Cryptocurrencies are based on probability. Does this mean that you install a bitcoin wallet and one day you will find there 100 BTC? Is that possible? Yes, it`s possible, but it is extremely unlikely to happen. Rather, all the stars will blow in the universe than such an event will happen.

However, this fact does not stop enthusiasts – “treasure hunters” who are purposefully trying to guess the keys to old addresses (and not only to old), which contain the coins mined in the early years of Bitcoin’s existence. We will examine the role of probability in security using the example of bitcoin, as the main representative of cryptocurrencies and, one might say, at the moment, the only field for activities, which will be discussed below. One day this information may also become relevant for Free TON.

So what is this activity based on? Not only on the fact that there is a possibility to find exactly the right key to the address but also on the existence of collisions. Hash collisions are the situations where two different source datasets produce the same hash (hash-value).

The fact that collisions exist can be easily proved, using the example of bitcoin. The initial data for obtaining the public key (which was used as an address for the first time after the launch of bitcoin) is a private key. The address is obtained from the public key by sequential hashing. In this case, the space of private keys has a size of 2^256 (256-bit), but the address space is already only 2^160 (160-bit). If we divide the first by the second, we get the potential number of collisions 2^96.

However, things are not so bad, because many collisions are not in the private space of the keys at all. But there is some chance of collisions (very negligible). By the way, there is also the possibility that some addresses do not have a private key at all for the same reason (the set of initial data that could have been a private key is not in the valid keyspace).

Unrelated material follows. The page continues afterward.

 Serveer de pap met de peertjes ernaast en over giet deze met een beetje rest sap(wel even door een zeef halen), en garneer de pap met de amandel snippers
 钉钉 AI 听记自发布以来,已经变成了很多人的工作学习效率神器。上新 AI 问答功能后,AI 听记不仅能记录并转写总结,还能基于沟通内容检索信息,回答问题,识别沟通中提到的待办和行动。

Therefore, an important property of the hash function (in particular for use in the field of cryptocurrencies) is resistance to collisions, which are divided into two types. (That the hash function must be irreversible for cryptographic purposes is taken for granted in this case and will not even be mentioned further.)

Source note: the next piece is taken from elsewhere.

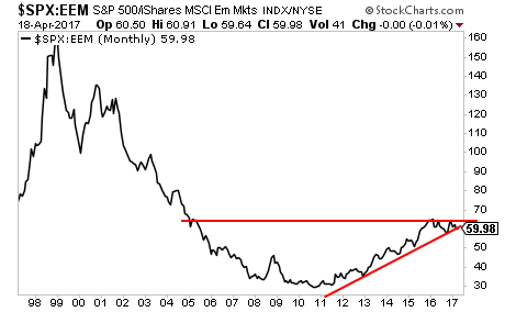 Below is a chart of the S&P 500 priced in Emerging Market Stocks.

If it is practically impossible to select a data set with the same hash as for a given dataset, then this is called collision resistance of the first kind.

If it is almost impossible to find a couple of different datasets with the same hashes, then this is called collision resistance of the second kind.

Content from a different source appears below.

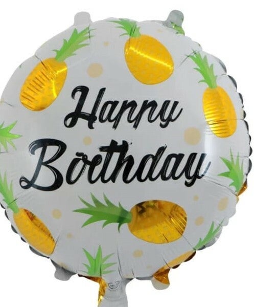 Deze leuke "Happy Birthday" ballon met een opdruk van een ananas is een vrolijke toevoeging aan het feest! De ballon wordt geleverd met heliumvulling en heeft een grootte van ongeveer 45 centimeter. Omdat folieballonnen één tot meerdere weken blijven zweven, heeft de jarige er lang plezier van!

It seems like they are the same, but there is a significant difference between collisions of the first and second kind. The complexity of picking a collision of the first kind with a probability of 50% (as a chance when tossing a coin to get, for example, heads) is:

2^(n-1) (n is the number of bits) attempts when enumerating data, while the complexity of picking a collision of the second kind is much lower, and to achieve the same probability of 50% is 2^(n/2). Based on this, for cryptography, the hash function is considered to be brute-force resistant according to the criterion for collisions of the second kind, that is, with a complexity of 2^(n/2) attempts.

Why is there such a difference in the complexity of finding collisions of the first and second kind? This is a direct consequence of a “birthday attack” method based on the birthday paradox. Briefly about the birthday paradox: in a group of 23 people or more, the probability that at least two people have the same birthday is more than 50%. Although there are only 23 people, and there are 365 days a year (or 366 in a leap year), the number of possible pairs is 23!/2!*(23-2)! (according to the formula of combinations), which is 253. For a larger number of people in the group, the probability of such pairs is even higher.

Now please take a look here. As you can see, there are a lot of pages with private keys to bitcoin addresses. Treasure hunting is ongoing, for example, right now when you’re reading this article, at a rate of 283 Mkey/s (million keys per second). This is the activity of the Large Bitcoin Collider (LBC). By the way, 283 million keys per second are not enough, it’s just the performance of a couple of top-end Nvidia cards.

For the first time something like these pages I happened to see when at the end of 2013 in the chat of the BTC-E exchange there were screams (if I can put it this way in relation to the chat) “Bitcoin got hacked!” As a result of the panic that arose for a short time, the rate fell. However, pretty soon the turmoil ended, since all these pages were no more than tiny parts of the large amount of information and practically did not pose a threat to the security of wallets. Although I must admit that some balances were found at those addresses. However, they immediately came to the author of the pages. He used pages to have visitors check balances instead of a parser. Cleverly thought out, but extremely unproductive.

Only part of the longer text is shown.